L'équipe d'Avalanche échangea un regard confus avant de réaliser qu'en effet, leur espion était peut-être dans une école militaire, mais que parler de bras coupé et d'informateur mort ne faisait pas partie de son quotidien.
"Shera ? Vas-y mais doucement," ordonna Reeve.
"J'ai pas grand chose à dire sur le bras. Coupé du vivant de son propriétaire..."
"On a dit 'doucement', Shera," soupira Cid.
"Désolée. Un tatouage, numéro 92, des traces d'injections, mako, peut-être la substance mystère. Jeune mais adulte, très musclé, peau claire. Et c'est tout. J'ai pris ses empreintes digitales, on pourra essayer de les comparer aux bases de données."
"Je m'en charge," déclara Jessie en prenant les empreintes que tenait Shera.
"Oublions l'informateur pour l'instant. Revenons à Xehanort," déclara Reeve. "Qu'est-ce qu'on a sur lui ? "
Barret prit le dossier et commença à tourner les pages.
"Brillant para-mage, travaillait avec le professeur Odine depuis une dizaine d'années. Travaillait sur l'émulation des pouvoirs de sorcières et mages natifs et sur leur transfert."
"Ils sont encore là-dessus ? " marmonna Vincent, serrant le poing gauche.
"Ça te dit quelque chose, Vincent ? " demanda Barret.
"Ils faisaient déjà ça il y a trente-cinq ans. Ils capturaient des fillettes mage-nées ou issues de lignées de sorcières pour transférer leurs pouvoirs à Adel et les gardait pour qu'elles lui servent de corps de rechange."
"C'est pour ça qu'elle avait capturé ma sœur," ajouta Squall.
"Sauf que Xehanort tentait de transmettre les pouvoirs à des humains," marmonna Shera, lisant par-dessus le coude de Barret.
"Oh, oui," fit Squall, se souvenant de cette situation, "Papa et Oncle Ward ont dit non et lui ont coupé le financement de… ses… recherches."
"Il y a combien de temps ? " soupira Reeve.
"... quelques mois avant qu'Adel soit libérée…" acheva Squall.
Reeve se leva en soupirant pour aller se resservir en café. Sur ce coup, Esthar aurait mieux fait d'apprendre des erreurs de Midgar et apprendre à emprisonner un scientifique fou avant de lui laisser une chance de disparaître dans la nature. Il entendit la voix de Vincent résumer la situation et revint dans la pièce avec la cafetière. Ils allaient en avoir besoin. Plusieurs tasses se tendirent vers lui et il vit Yuffie aller en chercher une pour Squall, fouillant dans leur réserve de tasses de rechange[7].

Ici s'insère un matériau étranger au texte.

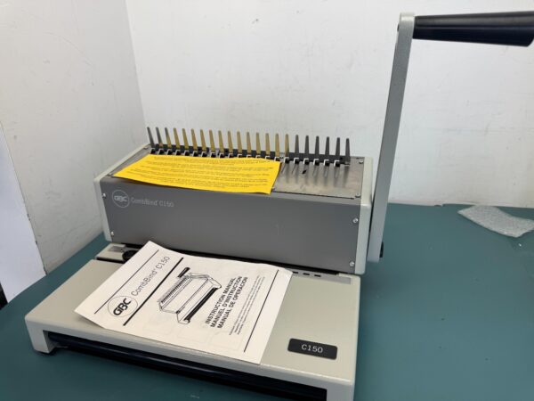 Manual binding machine handles standard letter-size documents while open-end throat allows punching of legal and odd-size sheets. Punch up to 20 sheets at a time. Bind documents up to 2″ (500 sheets) with plastic combs. Binding machine offers a durable all-metal construction.

"Donc Xehanort doit être impliqué dans la disparition d'Adel, d'Odine et des autres scientifiques, et a maintenant rejoint Hojo avec les recherches d'Esthar en para-magie."
"Pourquoi avoir tué les autres ? " demanda Barret.
"Pour envoyer un message au Président Loire. Ne sous estimez pas la mesquinerie d'un scientifique quand on gâche ses recherches."
"Comment vous savez ça ? " demanda Squall.
"Lui demande pas," marmonna Yuffie en lui tendant une tasse, "il pourrait te répondre."
"On a vraiment besoin d'un tableau plus grand ! " déclara Biggs, occupé à essayer de tout noter.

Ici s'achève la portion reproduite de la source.